International career
- 1980: Norway U16 / 2 / (0)
- 1981: Norway U19 / 2 / (0)
- 1982–1985: Norway U21 / 16 / (1)
- 1987: Norway / 1 / (0)

Managerial career
- 1996: Vang (player-manager)
- 1997–1998: Hamkam (assistant)

= Cato Erstad =

Norwegian footballer (born 1964)

Cato Erstad (born 31 January 1964) is a Norwegian footballer.

==Football career==
Erstad played on the fourth tier for Hamar IL before joining Hamarkameratene in 1982.
He made his senior debut for Hamkam in April 1982, scoring in his debut against Moss. He played in one match for the Norway national football team in 1987.

After the 1994 season, he left Hamkam and signed for fellow Mjøsa club Gjøvik-Lyn, who harbored ambitions to play on the second tier by 1998. He held the record in Hamkam for most games played, 506 matches across all competitions.

Ahead of the 1996 season he was announced as player-manager of Vang FL, the club having suffered relegation from the 1995 3. divisjon. Erstad stated that 90% of the player base changed from the previous season to the next.

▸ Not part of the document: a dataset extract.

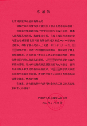 我縣諾爾鎮(zhèn)貧困殘疾戶學(xué)生xxx父親雙目失明,其本人先天性高度近視,家庭生活貧困。在我縣殘聯(lián)及本地企業(yè)內(nèi)蒙古哈維斯特農(nóng)牧科技有限公司對(duì)其家庭一對(duì)一幫扶的過程中,得到了貴公司的大力支持。2022年2月18日,xxx同學(xué)在貴公司進(jìn)行生物基因檢測(cè)期間,貴司減免了其全部檢測(cè)費(fèi)用,并且得到了貴司員工悉心的照顧和幫助。是你們熱情的問候以及無私的援助,讓xxx同學(xué)感受到社會(huì)大家庭的溫暖,讓她有戰(zhàn)勝疾病克服困難的決心和意志。貴司專業(yè)的服務(wù)和先進(jìn)的基因檢測(cè)技術(shù),對(duì)xxx同學(xué)及其家庭未來的生活有很大幫助。貴司的仁愛之心和社會(huì)責(zé)任感為和諧社會(huì)做出了優(yōu)秀的榜樣!
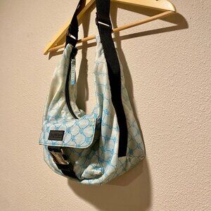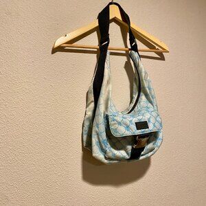 Add a nostalgic touch to your outfit with this vintage Y2K Ralph Lauren crescent bag featuring an all-over monogram print in blue and gray. While it shows signs of wear, it's a great statement piece with retro charm.

After Erstad steered Vang to win re-promotion to the 1997 3. divisjon, the coach went on to Hamkam ahead of the 1997 season, where he would coach the B team. After Hamkam's manager Ivar Hoff left in May 1997, Erstad took on the role as assistant manager. Stein Kollshaugen took over Erstad's old job. In June 1998, both were relieved of their positions.

==Bandy==
Erstad also played bandy for Hamar IL, and captained the boys' national team.